The goal was to see if I can use machine-learning to categorise millions of data points of player behaviour, and then create maps that visualise it, like the one above. I shared the maps back with the player community, which sprung into lively discussion thread on the forum.

This article discusses how I went about the process, but you will find results, links to the forum, a Github repo and more at the end of the article.

The game

The suspect is Eve Online, it’s a sci-fi MMORPG set in space, considered the most hard-core game of it’s kind. Unlike World of Warcraft, second job is the minimum level of dedication you need to make meaningful progress here. That’s because issues most games design around in Eve are called features!

Everything that gets blow up is gone forever. So, if a player is attacked, and their ship is destroyed, they have to go buy another one. You Space-stations and possessions get attacked while you are asleep, or on holiday.
There are no ‘separate servers’. All players inhabit the same shard, or instance of game world.
For every ship, gun or bullet that’s bough, there is a player somewhere that had to manufacture it first. And mine the ore required. Items are traded on a free market, affected by supply and demand.
The game has glorious amount of scams, griefing and market manipulation. Even if you care nothing for games, take a look and get a feel for the kind of shit that goes on in this game
Epic Scams — https://www.engadget.com/2012/10/28/eve-evolved-top-ten-ganks-scams-heists-and-events/
Everyday Scams — https://www.themittani.com/features/new-players-guide-eves-most-common-scams

So every death creates a lot of drama for the player, affects the markets and sometimes in-game politics. Being able to tell circumstances of death for every player, with a good degree of accuracy would reveal a lot of information about the game world. Which shipping routes are the most dangerous? Where do most new players die? How many suicide attacks succeed? (Yes, there are suicide attacks.) I would be able to create maps!
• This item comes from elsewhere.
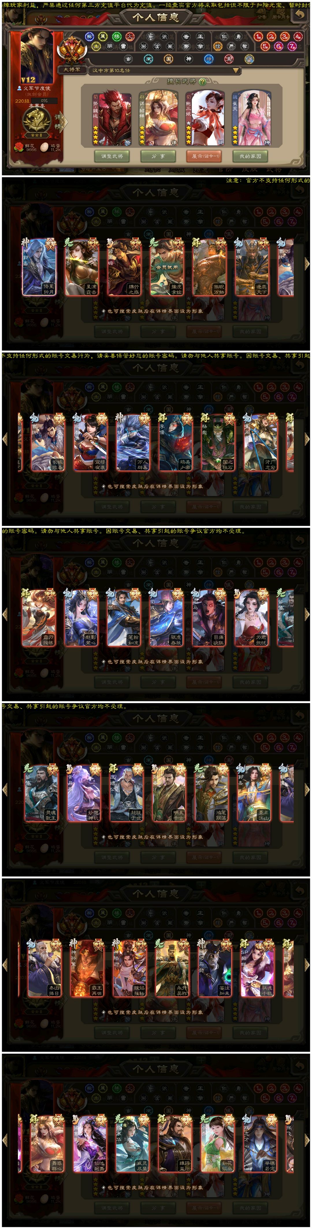 限制: 租号2次及以上 |装备描述:【VIP12】一等大将军 崔芙 动曹髦 势魏延 动刘焉 至尊神郭嘉 动鲍三娘 动神司马懿 动司马昭 动神甘宁 动界钟会 动清河公主 神吕布 神赵云 动神陆逊 神刘备 神张辽 神太史慈 郝昭 势董昭 界于禁 动界曹真 嵇康 程昱 动戏志才 杨修 陈琳 动曹婴 动王元姬 SP司马昭 动曹纯 动诸葛瞻 动谋诸葛亮 动谋马超 动谋赵云 动谋夏侯氏 动谋孙尚香 界黄忠 动势陆郁生 界徐盛 动界不练师 动留赞 动孙寒华 动左慈 谋张角 动谋貂蝉 动界左慈 动界李儒 张让 陶谦 兀突骨【87史诗】◆◆1.软件24小时监控,撤单后自动改密顶号,不用想着白嫖。 2.逃跑造成封号,必拉黑, 3.非账号本身问题,撤单必拉黑。 4.卡可正常使用,恶意消耗必拉黑。 5.由于封号原因全部账号会自动顶号 6.账号还在持续更新,会有更多的优质账号提供给租客,欢迎选购。
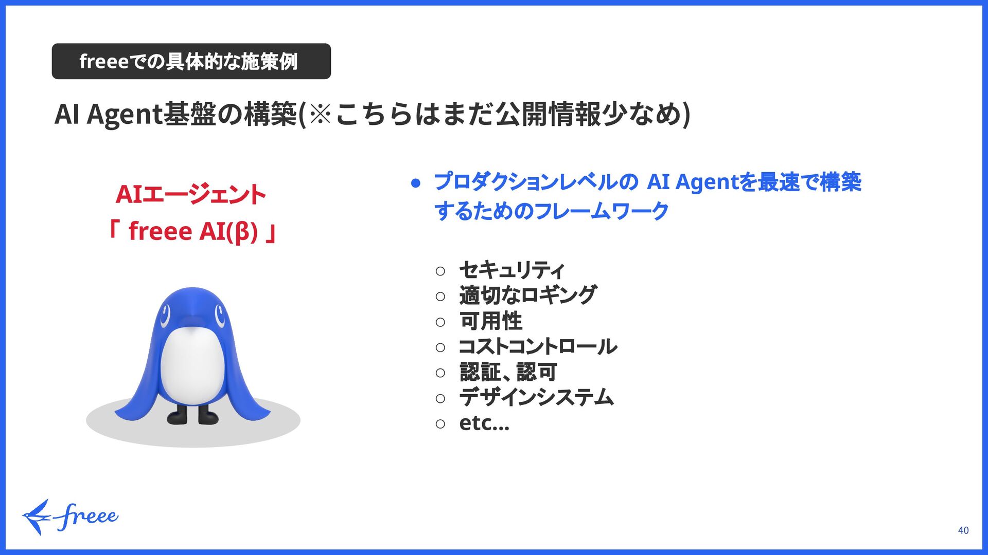 ◦ セキュリティ ◦ 適切なロギング ◦ 可用性 ◦ コストコントロール ◦ 認証、認可 ◦ デザインシステム ◦ etc… AIエージェント 「 freee AI(β) 」 freeeでの具体的な施策例

The review is full of jargon, but should give an idea for what goes on here

When one player kills another, they receive a log which lists participants, the victim and what was destroyed. They brag about their achievements publically on community websites called killboards, like https://zkillboard.com , and some offer API access. This abundance of data made Eve attractive for data mining and for my project.

Data

I wrote a simple C# program (source on github, link below) to collect 10,000,000 records of player deaths from https://zkillboard.com ‘s REST API, and chuck all of that into a MSSQL server. At the time my knowledge of C# was minimal, but I found enough example code to cobble together a working program

Once I had enough dead players, I wanted to give that data a bit of meaning. You see, the records only contain names of ships and equipment used in the battle. I wanted to provide machine learning algorithms with characteristics they could chew on, such as speed, armour, and number of guns on the ships players used.
All of this game data is published by CCP as a Static Data Export, which is basically a dump from their MSSQL server. It can be found here https://developers.eveonline.com/resource/resources

Before taking on this project I've never seen a database, but after a few days I could write SQL queries and manipulate tables. I didn’t know what the hell is a clustered index, but it didn't matter. I have built tables that summarised, what was in my view, the most important aspects of the victim’s ship and the attacker’s ships in about 40 rows.

Classification

An experienced player can tell a lot from the death-report, the choice of modules fitted on their ship, the attacker’s ships, organisation the victim and the attackers belong to and the location where they died. This knowledge is subtle — a similar combination of modules might serve different purposes on different ships, organisations have different reputations and control territory, etc.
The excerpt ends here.